▸ **Required action**:
Could you restate the data word for word and drop the pictures?

▸ **The data**:
########

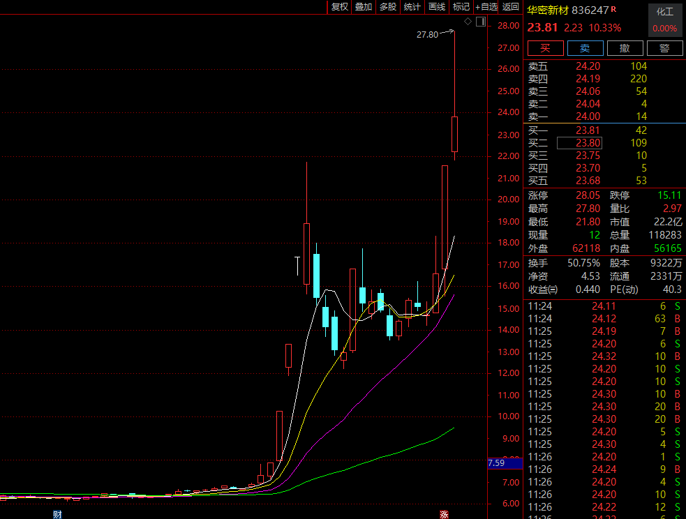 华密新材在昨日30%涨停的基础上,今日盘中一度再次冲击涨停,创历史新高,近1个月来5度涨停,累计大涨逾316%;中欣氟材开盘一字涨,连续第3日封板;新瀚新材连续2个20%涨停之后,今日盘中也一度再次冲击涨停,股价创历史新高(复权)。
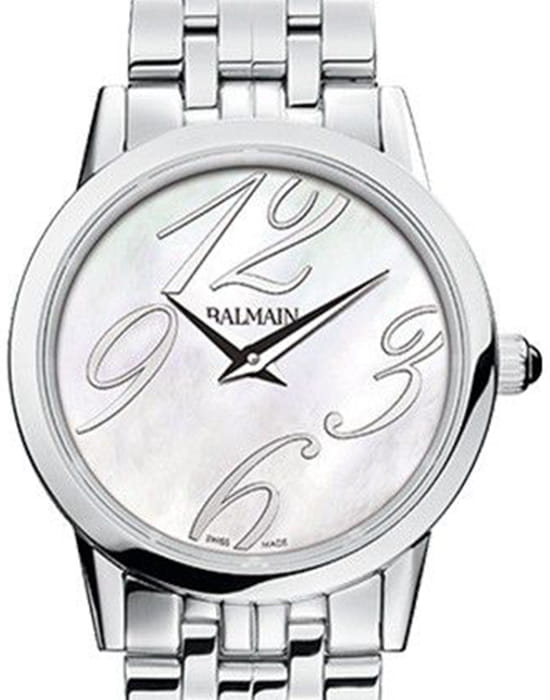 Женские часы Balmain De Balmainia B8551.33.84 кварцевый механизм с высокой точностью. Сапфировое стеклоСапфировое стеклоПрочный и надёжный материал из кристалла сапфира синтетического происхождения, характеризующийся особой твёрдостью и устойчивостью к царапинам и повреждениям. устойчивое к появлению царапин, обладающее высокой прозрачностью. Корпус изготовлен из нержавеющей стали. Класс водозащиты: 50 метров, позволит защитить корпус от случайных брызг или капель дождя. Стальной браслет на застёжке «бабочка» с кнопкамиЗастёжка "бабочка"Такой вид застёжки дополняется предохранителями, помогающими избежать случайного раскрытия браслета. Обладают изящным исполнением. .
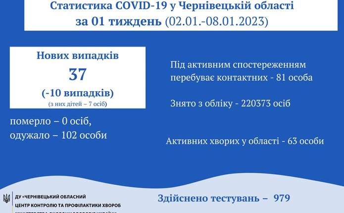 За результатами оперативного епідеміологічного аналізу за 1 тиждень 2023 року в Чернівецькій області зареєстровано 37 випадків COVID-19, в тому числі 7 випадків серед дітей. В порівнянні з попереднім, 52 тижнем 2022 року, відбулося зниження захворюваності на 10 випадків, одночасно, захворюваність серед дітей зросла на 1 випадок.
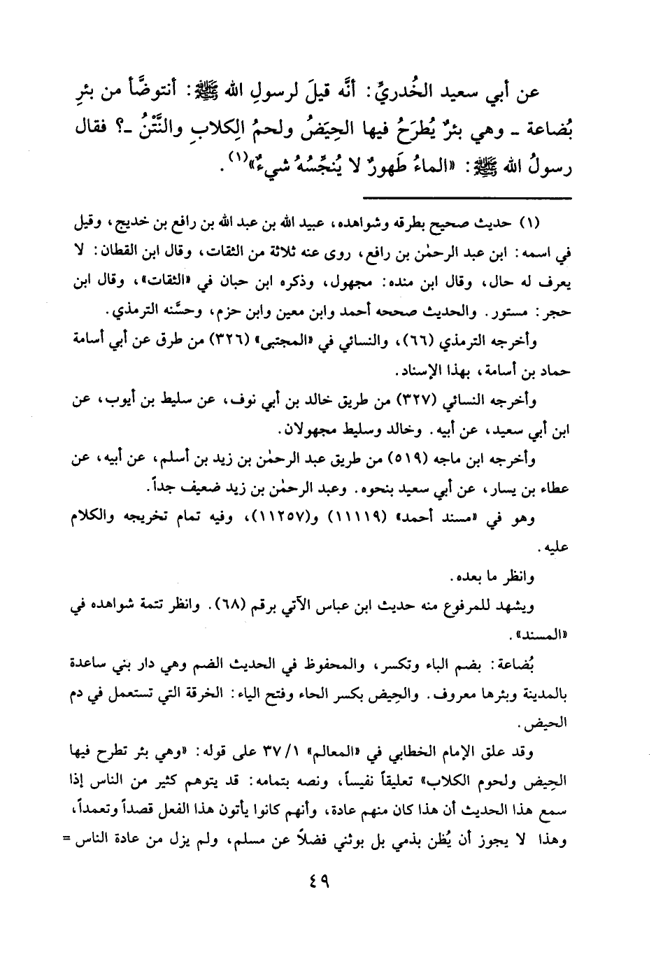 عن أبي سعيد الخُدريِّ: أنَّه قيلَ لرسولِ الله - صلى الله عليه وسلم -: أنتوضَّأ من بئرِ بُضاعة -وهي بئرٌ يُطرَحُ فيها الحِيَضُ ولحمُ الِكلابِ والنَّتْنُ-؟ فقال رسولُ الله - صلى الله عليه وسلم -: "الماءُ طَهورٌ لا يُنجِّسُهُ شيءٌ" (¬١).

########

▸ **Reply**:
 华密新材在昨日30%涨停的基础上,今日盘中一度再次冲击涨停,创历史新高,近1个月来5度涨停,累计大涨逾316%;中欣氟材开盘一字涨,连续第3日封板;新瀚新材连续2个20%涨停之后,今日盘中也一度再次冲击涨停,股价创历史新高(复权)。
 Женские часы Balmain De Balmainia B8551.33.84 кварцевый механизм с высокой точностью. Сапфировое стеклоСапфировое стеклоПрочный и надёжный материал из кристалла сапфира синтетического происхождения, характеризующийся особой твёрдостью и устойчивостью к царапинам и повреждениям. устойчивое к появлению царапин, обладающее высокой прозрачностью. Корпус изготовлен из нержавеющей стали. Класс водозащиты: 50 метров, позволит защитить корпус от случайных брызг или капель дождя. Стальной браслет на застёжке «бабочка» с кнопкамиЗастёжка "бабочка"Такой вид застёжки дополняется предохранителями, помогающими избежать случайного раскрытия браслета. Обладают изящным исполнением. .
 За результатами оперативного епідеміологічного аналізу за 1 тиждень 2023 року в Чернівецькій області зареєстровано 37 випадків COVID-19, в тому числі 7 випадків серед дітей. В порівнянні з попереднім, 52 тижнем 2022 року, відбулося зниження захворюваності на 10 випадків, одночасно, захворюваність серед дітей зросла на 1 випадок.
 عن أبي سعيد الخُدريِّ: أنَّه قيلَ لرسولِ الله - صلى الله عليه وسلم -: أنتوضَّأ من بئرِ بُضاعة -وهي بئرٌ يُطرَحُ فيها الحِيَضُ ولحمُ الِكلابِ والنَّتْنُ-؟ فقال رسولُ الله - صلى الله عليه وسلم -: "الماءُ طَهورٌ لا يُنجِّسُهُ شيءٌ" (¬١).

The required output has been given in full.